[BRIEF]:
Search the listing for the string "features". Copy every line that has it.

- - -

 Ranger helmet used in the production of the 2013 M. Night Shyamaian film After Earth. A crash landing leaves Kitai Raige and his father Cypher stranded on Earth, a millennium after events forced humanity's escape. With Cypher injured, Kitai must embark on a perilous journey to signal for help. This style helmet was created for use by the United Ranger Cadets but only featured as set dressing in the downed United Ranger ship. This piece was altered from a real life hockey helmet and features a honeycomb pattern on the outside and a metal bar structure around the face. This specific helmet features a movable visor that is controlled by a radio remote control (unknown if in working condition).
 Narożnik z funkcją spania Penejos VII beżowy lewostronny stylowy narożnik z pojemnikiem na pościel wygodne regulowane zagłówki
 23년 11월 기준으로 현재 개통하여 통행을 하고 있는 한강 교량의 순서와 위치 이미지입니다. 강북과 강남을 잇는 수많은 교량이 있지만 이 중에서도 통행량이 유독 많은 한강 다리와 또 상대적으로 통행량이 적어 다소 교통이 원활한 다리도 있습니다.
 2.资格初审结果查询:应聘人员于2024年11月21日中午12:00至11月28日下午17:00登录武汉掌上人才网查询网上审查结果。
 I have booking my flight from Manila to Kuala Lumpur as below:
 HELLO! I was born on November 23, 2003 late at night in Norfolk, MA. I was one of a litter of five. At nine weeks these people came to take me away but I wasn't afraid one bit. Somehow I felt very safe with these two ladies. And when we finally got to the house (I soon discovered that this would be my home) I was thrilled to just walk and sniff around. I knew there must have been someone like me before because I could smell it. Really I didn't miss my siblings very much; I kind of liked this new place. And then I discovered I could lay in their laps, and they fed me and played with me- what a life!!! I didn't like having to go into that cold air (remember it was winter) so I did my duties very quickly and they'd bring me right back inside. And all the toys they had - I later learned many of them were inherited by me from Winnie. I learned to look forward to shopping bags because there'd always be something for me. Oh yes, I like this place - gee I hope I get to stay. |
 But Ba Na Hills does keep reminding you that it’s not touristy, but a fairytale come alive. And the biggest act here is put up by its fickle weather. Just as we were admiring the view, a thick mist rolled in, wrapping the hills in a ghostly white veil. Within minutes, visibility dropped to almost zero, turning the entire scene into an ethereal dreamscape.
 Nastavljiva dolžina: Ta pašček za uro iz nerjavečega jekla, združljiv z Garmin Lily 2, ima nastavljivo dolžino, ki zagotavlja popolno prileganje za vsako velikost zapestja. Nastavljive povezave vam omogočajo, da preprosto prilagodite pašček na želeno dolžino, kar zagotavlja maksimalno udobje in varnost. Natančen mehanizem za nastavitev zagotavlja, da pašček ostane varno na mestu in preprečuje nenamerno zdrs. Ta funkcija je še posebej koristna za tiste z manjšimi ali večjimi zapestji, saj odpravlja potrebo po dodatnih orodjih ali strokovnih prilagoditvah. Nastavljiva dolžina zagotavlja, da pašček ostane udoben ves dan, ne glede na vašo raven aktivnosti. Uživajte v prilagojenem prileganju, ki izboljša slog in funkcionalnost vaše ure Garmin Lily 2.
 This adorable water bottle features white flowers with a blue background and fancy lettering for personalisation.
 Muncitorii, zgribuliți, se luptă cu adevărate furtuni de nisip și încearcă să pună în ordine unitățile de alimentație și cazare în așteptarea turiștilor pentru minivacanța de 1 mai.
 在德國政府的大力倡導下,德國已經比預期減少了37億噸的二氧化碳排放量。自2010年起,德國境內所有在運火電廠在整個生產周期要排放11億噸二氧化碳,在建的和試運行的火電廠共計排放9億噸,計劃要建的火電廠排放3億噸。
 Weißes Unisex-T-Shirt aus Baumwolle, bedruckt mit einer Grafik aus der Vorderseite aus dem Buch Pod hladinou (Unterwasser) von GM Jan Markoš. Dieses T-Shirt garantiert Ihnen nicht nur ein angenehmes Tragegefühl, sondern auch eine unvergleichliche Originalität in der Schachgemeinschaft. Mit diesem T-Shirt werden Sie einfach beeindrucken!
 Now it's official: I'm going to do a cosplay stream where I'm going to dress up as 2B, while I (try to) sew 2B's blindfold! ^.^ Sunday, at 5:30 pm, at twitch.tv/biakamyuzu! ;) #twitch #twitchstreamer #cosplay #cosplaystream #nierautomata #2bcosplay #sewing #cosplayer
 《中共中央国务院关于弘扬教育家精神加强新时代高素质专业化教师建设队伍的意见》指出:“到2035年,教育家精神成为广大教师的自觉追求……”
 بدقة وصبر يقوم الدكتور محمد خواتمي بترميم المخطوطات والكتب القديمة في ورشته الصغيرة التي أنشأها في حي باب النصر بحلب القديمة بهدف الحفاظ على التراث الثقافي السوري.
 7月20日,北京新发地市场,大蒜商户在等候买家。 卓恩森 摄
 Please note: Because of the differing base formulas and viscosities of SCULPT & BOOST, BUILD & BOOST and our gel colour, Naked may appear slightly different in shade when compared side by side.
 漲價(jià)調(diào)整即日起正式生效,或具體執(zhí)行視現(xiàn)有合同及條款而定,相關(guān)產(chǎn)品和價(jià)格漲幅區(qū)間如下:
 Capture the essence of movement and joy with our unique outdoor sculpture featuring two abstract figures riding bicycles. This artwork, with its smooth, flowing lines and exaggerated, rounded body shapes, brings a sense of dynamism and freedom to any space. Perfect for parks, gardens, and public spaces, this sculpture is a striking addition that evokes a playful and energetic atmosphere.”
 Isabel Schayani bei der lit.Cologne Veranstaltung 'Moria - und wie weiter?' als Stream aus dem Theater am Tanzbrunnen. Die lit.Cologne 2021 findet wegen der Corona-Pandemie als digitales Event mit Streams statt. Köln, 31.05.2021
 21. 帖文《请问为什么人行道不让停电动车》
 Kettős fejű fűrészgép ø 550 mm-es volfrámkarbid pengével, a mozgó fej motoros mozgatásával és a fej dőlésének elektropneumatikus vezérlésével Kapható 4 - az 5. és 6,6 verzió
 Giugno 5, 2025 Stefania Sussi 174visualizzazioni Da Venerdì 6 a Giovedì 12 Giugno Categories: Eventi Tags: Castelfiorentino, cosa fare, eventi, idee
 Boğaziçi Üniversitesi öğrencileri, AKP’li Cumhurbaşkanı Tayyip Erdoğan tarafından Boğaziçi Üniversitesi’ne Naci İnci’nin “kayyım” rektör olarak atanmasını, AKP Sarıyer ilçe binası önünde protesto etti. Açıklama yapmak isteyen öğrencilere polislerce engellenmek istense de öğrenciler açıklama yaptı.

- - -

[COMPLETED EXERCISE]:
 Ranger helmet used in the production of the 2013 M. Night Shyamaian film After Earth. A crash landing leaves Kitai Raige and his father Cypher stranded on Earth, a millennium after events forced humanity's escape. With Cypher injured, Kitai must embark on a perilous journey to signal for help. This style helmet was created for use by the United Ranger Cadets but only featured as set dressing in the downed United Ranger ship. This piece was altered from a real life hockey helmet and features a honeycomb pattern on the outside and a metal bar structure around the face. This specific helmet features a movable visor that is controlled by a radio remote control (unknown if in working condition).
 This adorable water bottle features white flowers with a blue background and fancy lettering for personalisation.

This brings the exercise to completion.